Just as important in the choice question is the ability to use the options in a timely manner with no delay. As seen in Texas (and in Indiana, where similar delays have ocurred), few parents get the information they need in a timely manner; this despite the fact that both district- and state-level officials know which laggard schools will land on the Adequate Yearly Progress list long before all the processing is completed. By the time parents get the information, it’s either summertime — when no one is thinking about schools — or at the beginning of the school year, when plans have already been made.
Before all this, they must know they have choices in the first place. Justin Bathon and Terry Spradlin of Indiana University’s Center for Evaluation and Education Policy reported in a study released last year that such lack of notice — the problem at the heart of the Texas imbroglio — is widespread. Fifty-eight of school districts failed to timely notify parents of their choice options during the 2005-06 school year, according to the General Accountability Office. No wonder why just one percent of the 3.9 million children eligible for school choice options under No Child actually exercised them.

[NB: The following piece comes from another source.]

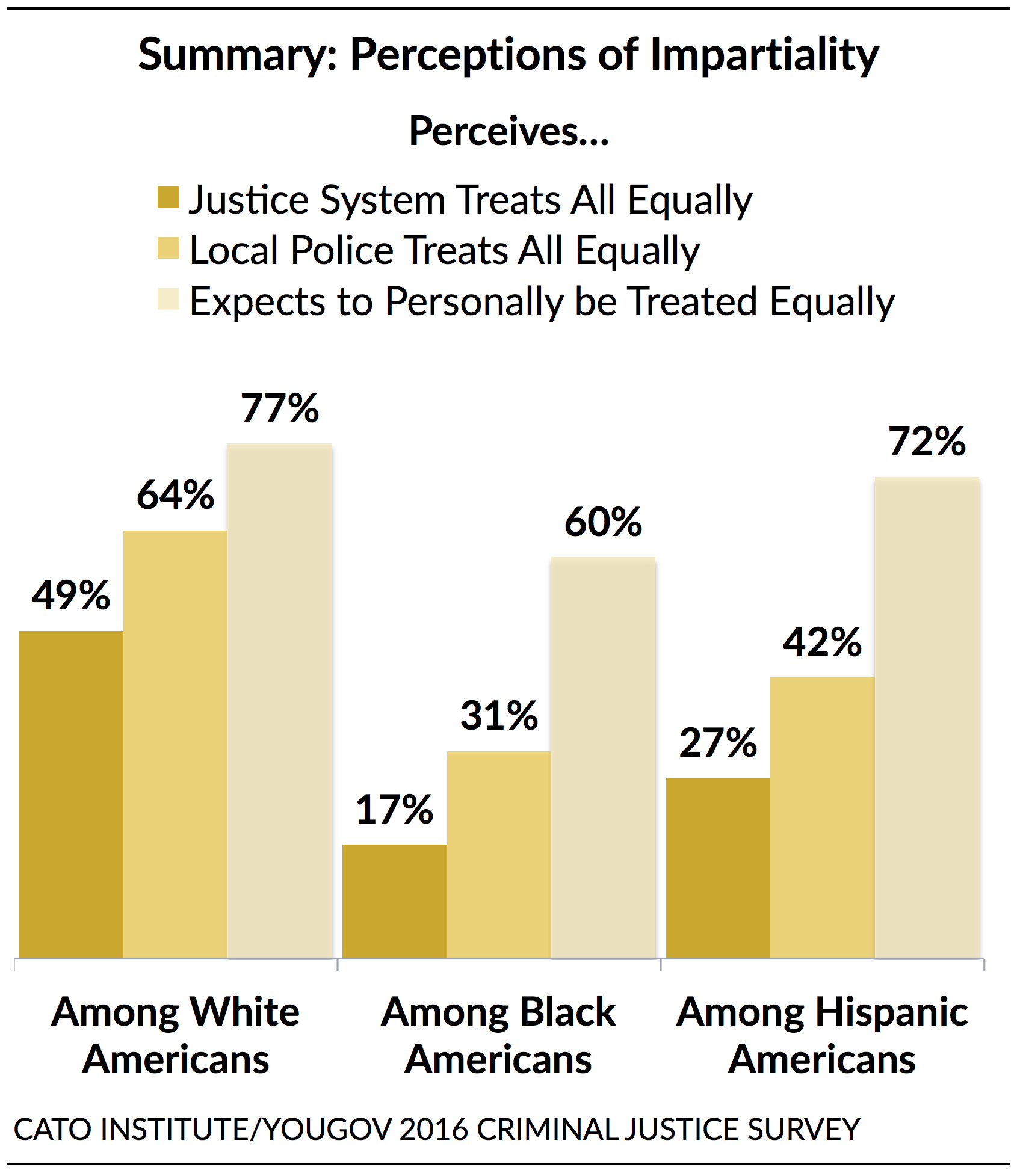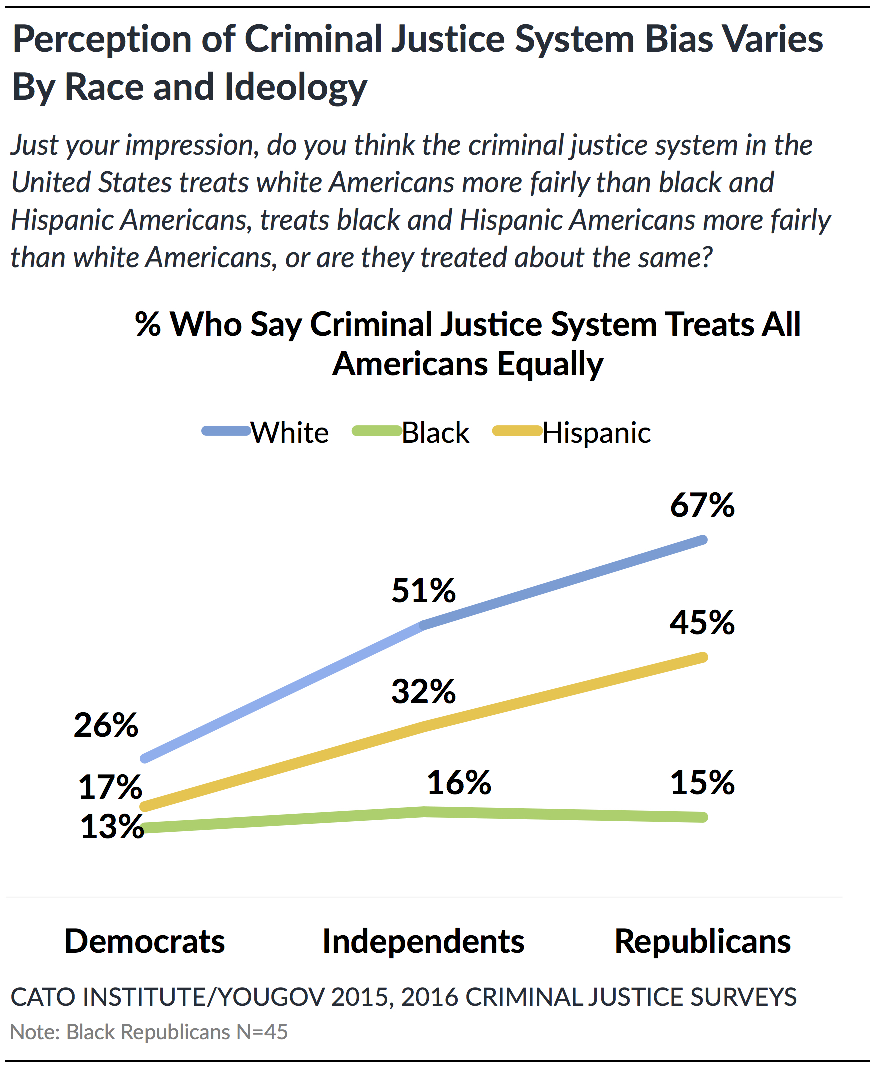 Perceptions of bias vary widely by race, ethnicity, and partisanship. About half (49%) of white Americans believe the criminal justice system treats everyone about the same. Only 17% of black Americans and 27% of Hispanic Americans agree. Instead, a strong majority (72%) of African Americans, a slim majority of Hispanics (51%), and 40% of Caucasians believe the justice system gives preferences to whites. About 1 in 10 black and white Americans and 2 in 10 Hispanic Americans think the justice system offers greater leniency to minorities.

This lack of real public school choice is especially galling when one realizes that state governments, on average, now provide nearly half of all school funding — and in cases such as California and Indiana, the percentage is even greater. State governments can, if they so choose, actually create public school options that stretch across an entire state, allowing parents and children to choose good schools that are still close to their neighborhoods — or, if they choose, make the commute to a better school in the next district. As school data systems become more longitudinal, the concept of dollars actually following the child can truly become a reality, ending the kind of segregation that limits choice.
But this will take a willingness on the part of reform-minded policymakers, school reform advocates and chambers of commerce to spar with suburban school districts and the parents who send their children to those schools. Although those districts can be just as academically inadequate as their urban peers, their problems aren’t as easy to see; public school choice could expose those flaws even more than No Child’s AYP provision already have. And from the perspective of suburban parents, they have already exercised school choice and thus, care little about those who cannot. Essentially the “I got mine, get yours” mentality at work.

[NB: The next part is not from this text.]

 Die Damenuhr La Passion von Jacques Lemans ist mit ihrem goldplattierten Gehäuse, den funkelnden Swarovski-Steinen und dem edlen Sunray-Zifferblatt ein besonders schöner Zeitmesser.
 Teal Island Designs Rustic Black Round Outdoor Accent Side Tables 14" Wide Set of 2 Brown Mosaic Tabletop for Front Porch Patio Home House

This also means battling teachers unions, who don’t want their urban district rank-and-file to lose their jobs. Public school choice, if exercised widely, would also be a verdict on the instruction given by those teachers who are not as good at the jobs as others. And urban districts, of course, wouldn’t be too fond of this either.
Until real options are made a reality, public school choice is more of a fantasy in the minds of those defending the status quo than for the parents and children stuck with little option at all.